While universal hepatitis B virus (HBV) testing is useful in high prevalence areas, it is not as cost effective in low prevalence areas like the United States.
However, the use of machine learning technology could help identify those at high risk.
A team, led by Nathan S. Ramrakhiani, Division of Gastroenterology and Hepatology, Stanford University Medical Center, identified patients with HBV using logistic regression and learning Newly developed automatic systems that leverage demographic data from population-based data.
While it affects more than 290 million patients worldwide, only 10% of individuals with the chronic hepatitis B virus have been officially diagnosed. Even though, for the past two decades, guidelines have called for screening people at high risk, cases still remain underreported.

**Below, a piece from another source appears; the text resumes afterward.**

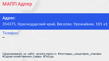 МАПП Адлер по адресу 354375, Краснодарский край, Веселое, Урожайная, 101 к1 в дальнейшем Организация, размещена в следующих категориях: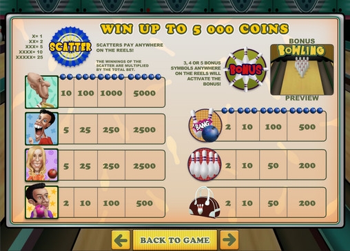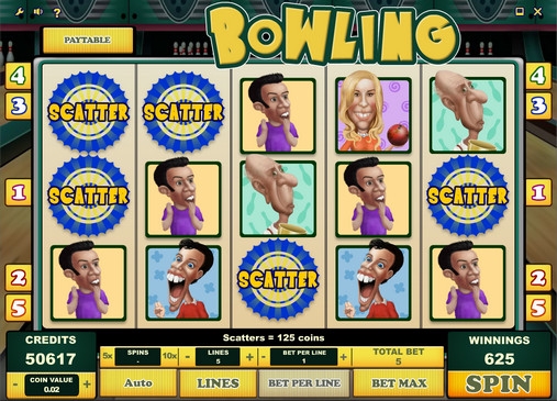 На барабанах игрового автомата изображены очень смешные посетители кегельбана, кегли, шары и прочий инвентарь. Также в видео-слоте Bowling есть особые символы Scatter и Bonus.

In the study, investigators identified patients with data on hepatitis B surface antigen (HBsAg), year of birth, gender, race and ethnicity, and place of birth. using 10 cycles of the National Health and Nutrition Examination Survey (NHANES) between 1999-2018. The median year of birth for the patient population was 1973
The participants were divided into 2 distinct cohorts: training (cycles 2, 3, 5, 6, 8, 10; n = 39,119) and validation (cycles 1, 4, 7, 9; n = 21,569).
Next, the researchers developed and tested the new logistic regression and machine learning models.
The primary outcome of the logistic regression model was HBV infection, which was defined as positive HBsAg with demographic variables as primary predictors. Univariate and multivariate logistic regressions were part of the training set.
Compare the 2 models
In the machine learning model, researchers determined the demographic factors and place of birth associated with the primary outcome. The model used the training cohort with sub-sampling of controls and 10-fold cross-validation to determine the test characteristics of the model.
Using multivariate logistic regression, investigators identified several factors that were more frequently associated with HBV infections, including year of birth 1991 or later (aOR, 0.28; 95% CI: 0.14- 0.55; P P = 0.0080), Black and Asian / Other vs White (aOR, 5.23 and 9.13; 95% CI, 3.10-8.83 and 5.23-15.96; P P
Machine learning model, best logistic regression
In the end, the machine learning model was superior, with a higher area under the operating characteristic of the receiver (AUROC) (0.83 versus 0.75 in the validation cohort, P
The training cohort showed that AUROC was significantly higher in the machine learning model at 0.90 (95% CI, 0.88-0.92), compared to 0.81 (95% CI %, 0.79-0.84) for the logistics model (P
In the validation cohort, AUROC was also higher in the machine learning model (0.83; 95% CI 0.78-0.88 vs. 0.75; 95% CI 0.70 -0.80; P
“Our machine learning model has consistently outperformed the logistic regression model, laying the groundwork for what could potentially be a practical and cost-effective HBV screening strategy for low prevalence regions with more ‘imported’ HBV infection. like United States or Western Europe. The authors wrote. “We are also advocating for additional risk-based screening for populations at specific risk of exposure according to professional society and CDC guidelines.”
The study, “Optimizing hepatitis B virus screening in the United States using a simple demographic-based model ”, was published online in Hepatology.